Поп тогда впал в неистовство, даже попытался высечь Робина самолично, но затем опомнился, нажаловался лорду Кларку, и тот таки приказал Робина высечь, но не за ересь, а за излишнюю болтливость. Потому что благородный муж не оглашает всякую мысль немедленно, уподобляясь говорящему ворону, но вначале обдумывает и планирует вероятные последствия.
Таким образом, жуткие еретические слова, произнесенные сэром Робином перед лицом неминуемой смерти, ни в коей мере не отражают бытовавшую в тех местах культурную традицию, но представляют собой еще одно проявление панковской сущности юного Робина Локлира, которую тот, впрочем, панковской не называл, потому что не знал такого слова.

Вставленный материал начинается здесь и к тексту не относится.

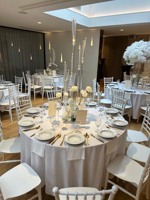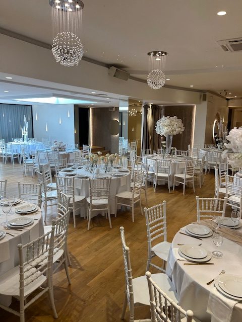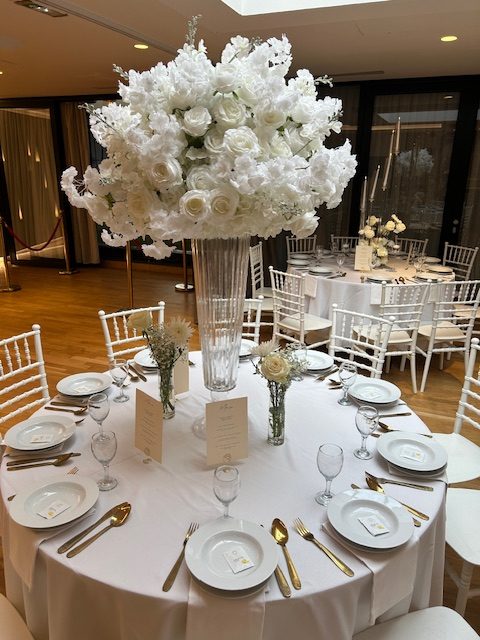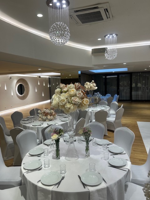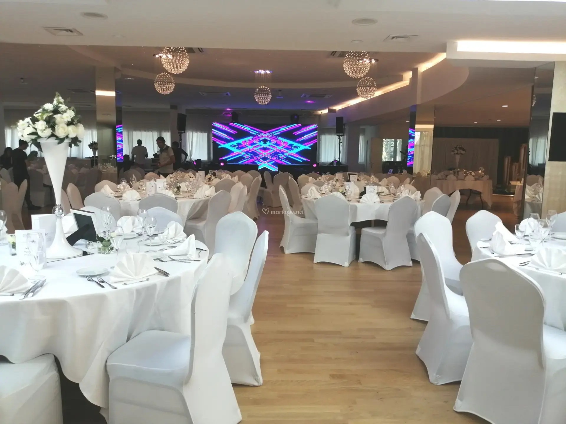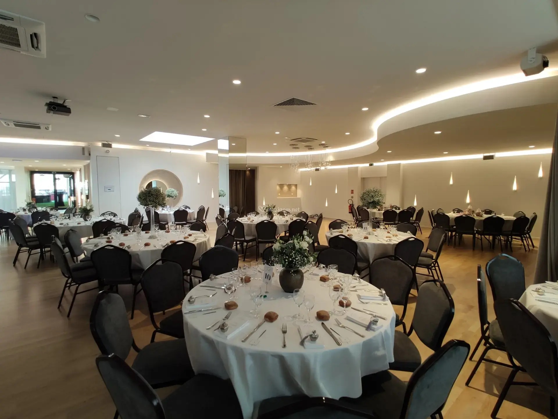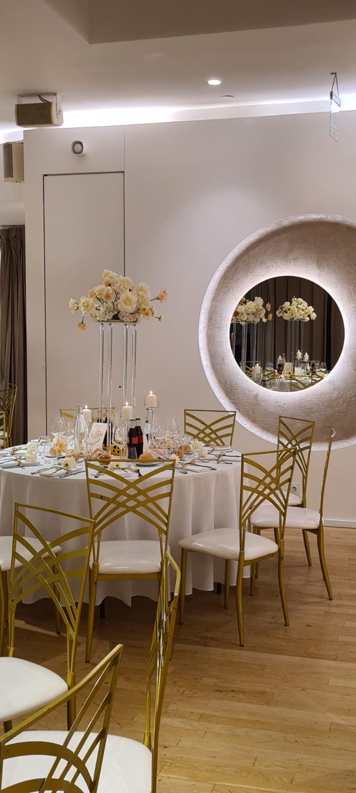 La décoration contemporaine aux tons blancs, beiges et dorés apporte une atmosphère douce et chaleureuse, parfaite pour sublimer votre célébration.

Однако вернемся к текущему повествованию.
В предрассветной тишине еретическая речь Робина Кларксона прозвучала громко и отчетливо, и в войске сэра Роберта ее услышал едва ли не каждый воин. Сказать, что рыцари и воины охуели — все равно, что ничего не сказать. Но когда неведомый бог откликнулся на отчаянную мольбу Робина, они охуели еще больше.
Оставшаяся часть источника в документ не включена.